Unlike the CSTO, the EAEU is a working mechanism, and over the past two years, it was Armenia, of all five participants, that received the greatest benefits from it. If this is not valued by Yerevan, and Armenia, in the words of A. Simonyan, was “pushed” into the unification almost by force, then at a minimum the issue of amendments to Art. 118 of the Treaty, where it is necessary to prescribe exclusion not only at the request of the one who wants to leave, but also a list of grounds on which one can collectively be excluded from the community through the mechanisms of the Supreme Council of the EAEU.
The next question related to such demarches is more of a conceptual nature.
The fact is that for years we have been analyzing the activities of the so-called in the press, on TV, and on Internet platforms. “Western non-profit organizations”, and the surname “Soros” has already acquired a household meaning. Soros is both a brand and a phenomenon of recent decades, which is associated with electoral ferment, the channeling of public discontent directed at anti-state, destructive activities, and color revolutions.

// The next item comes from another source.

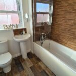 Bathroom: 1.90m x 2.05m (6'3" x 6'9"), The bathroom is located on the first floor towards the centre of the property between bedrooms 2 and 3. The bathroom benefits from a white suite including a push button toilet, a wash hand basin with a mixer tap and matching pedestal, and a bath with a mixer tap with a shower attachment, and a glass shower screen.

It has been discussed for years that Armenia, Ukraine, Moldova, and the countries of Eastern Europe in politics are filled to capacity with graduates of all these Open Society courses, “leadership practices,” institutes for “democracy studies,” and dozens of foundations and communities incorporating activists. In Armenia, Moldova and Ukraine, this has long been a fairly significant part of the political community, and in Armenia and Moldova - the ruling political community. We have been discussing all this for years, but there is a kind of paradox.
If you look at the financial resources that the West spends on this activity, then relative to trade and financial flows these are mere pennies. In a year, all these institutions spent up to $200 million on a country like Ukraine, $18 million on Armenia, and $12 million on Moldova.
Let’s compare this with the economic preferences of Armenia over all these years, the opportunity to earn money in Russia and in Russia, tranches from Russia to Ukraine, the volume of direct investments over all these years, which were officially described as several hundred billion dollars. These figures are not comparable at all.
You can speak out emotionally for a long time, but the fact remains that the West, for pennies, gains political control over countries with flows with a capacity of tens of billions. These mechanisms should be studied very carefully and, where possible, adopted.
After all, incorporation into such structures by the West is carried out by recruiting representatives not from big business, but from the middle class and lower middle class. The cost of such representatives is relatively low, and the final efficiency is quite high.
At the same time, in the countries of Eastern Europe, Moldova, Ukraine and Armenia, these structures managed to achieve good results, in Georgia the system is failing, and in Central Asia it is working ineffectively. All these regional features must be thoroughly analyzed and taken into account, not only for reasons of “geopolitics”, but also in order to simply reduce investment risks.